Parsec is monadic, so we can use do notation to write out the ordering:
parseInt = do
x <- many digit -- This gets a list of digits
return $ read x -- read is a builtin Haskell function that tries to turn a string into an int (technically can turn a string into anything, its polymorphic)
In do notation, the arrow (x <- digit) means "do this monadic computation, and store its unwrapped output in x".
Haskell types can look really gross. ParsecT is a monad transformer, which we don't need to know about at all, but it really messes up the type signature. Most of the functions you can look up that do monad things are labeled with m as the arbitrary monad, and a is the thing inside the monad's "box" (cf. return :: a -> m a).

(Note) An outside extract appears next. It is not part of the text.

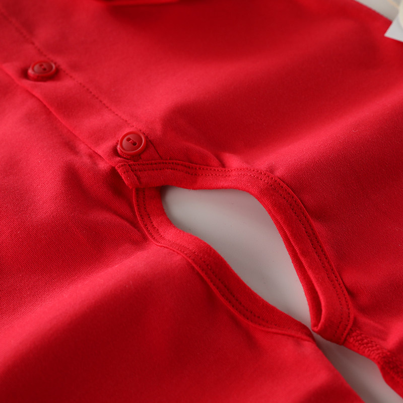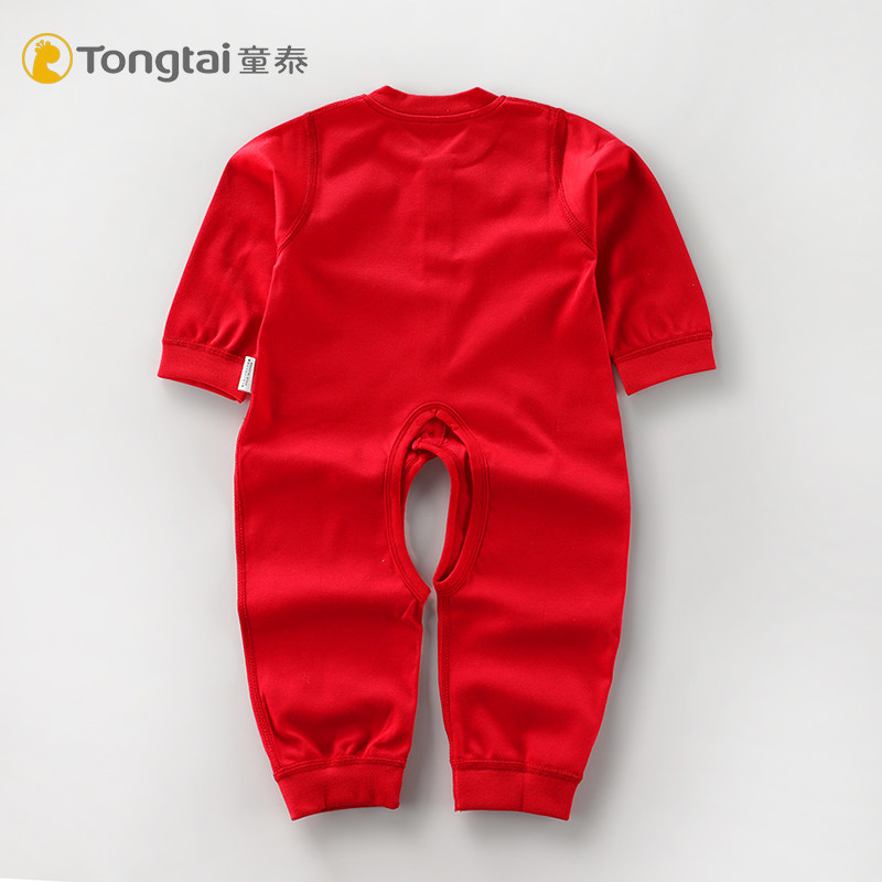 Tongtai jumpsuit baby spring and autumn pure cotton boneless 100-day clothes big red festive baby jumpsuit Chinese New Year clothes

With monads, just read everything but the last type as that m. So if we have a type
Awful Bad Terrible Long Type Really Annoying Int
, Awful Bad Terrible Long Type Really Annoying is m, and Int is a, so return 3 will give us the type
Awful Bad Terrible Long Type Really Annoying Int
.
We can see from the type of digit:
digit :: ParsecT s u m Char
That digit is a Char wrapped up in a box. Now look at the type of many
many :: ParsecT s u m a -> ParsecT s u m [a]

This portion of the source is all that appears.